Crude oil tanker cars continue to burn at the site of an oil train derailment Tuesday, Dec 31, 2013, in Casselton, N.D. The train carrying crude oil derailed and exploded on Monday. (AP Photo/Bruce Crummy)

CASSELTON, N.D. — A southeastern North Dakota town narrowly escaped tragedy when a train carrying crude oil derailed and exploded nearby, the mayor said Tuesday, calling for changes in how the fuel is transported across the nation.

No one was hurt in the derailment on Monday of the mile-long train that sent a great fireball and plumes of black smoke skyward about a mile from the small town of Casselton. The fire had been so intense as darkness fell that investigators couldn't get close enough to count the number of burning cars.

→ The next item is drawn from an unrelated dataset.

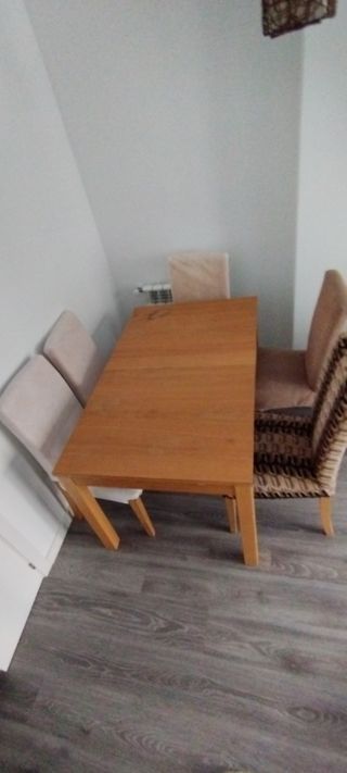 Conjunto de mesa de comedor y sillas. Medidas: - 90 cm ancho - 76 cm alto - 169 cm largo extensible hasta 205 cm Mesa de conforama y sillas de Ikea. En perfecto estado. Fácilmente extensible y cómoda para varios comensales. Mesa y sillas desmontables para poder transportarla con mayor facilidad. Si estás interesado solo en la mesa escríbeme para hablarlo. No se hacen envíos

The National Transportation Safety Board started an investigation.

Most residents heeded a recommendation to evacuate their homes as strong winds blew potentially hazardous, acrid smoke toward the town overnight, Mayor Ed McConnell said. Black soot coated parts of Casselton.

“I drove in this morning and looked like most people had left. There weren't a lot of lights on,” McConnell said.

The North Dakota Department of Health warned that exposure to burning crude could cause shortness of breath, coughing and itching and watery eyes. It had said those in the vicinity with respiratory conditions such as asthma, bronchitis or emphysema should minimize outdoor activity.

As the wrecked tankers continued to smolder on Tuesday, Cass County Sheriff's Sgt. Tara Morris said a contractor hired by the railroad was testing air quality. Readings indicated improvements but authorities aren't yet prepared to “give the all-clear,” Morris said.

McConnell estimated that dozens of people could have been killed if the derailment had happened within the town. He said it is time to “have a conversation” with federal lawmakers about the dangers of transporting oil by rail.

“There have been numerous derailments in this area,” he said. “It's almost gotten to the point that it looks like not if we're going to have an accident, it's when. We dodged a bullet by having it out of town, but this is too close for comfort.”

A train carrying crude from North Dakota's Bakken oil patch crashed in Quebec last summer, bursting into flames and killing 47 people.

Shipping oil by pipeline has to be a safer option, McConnell said.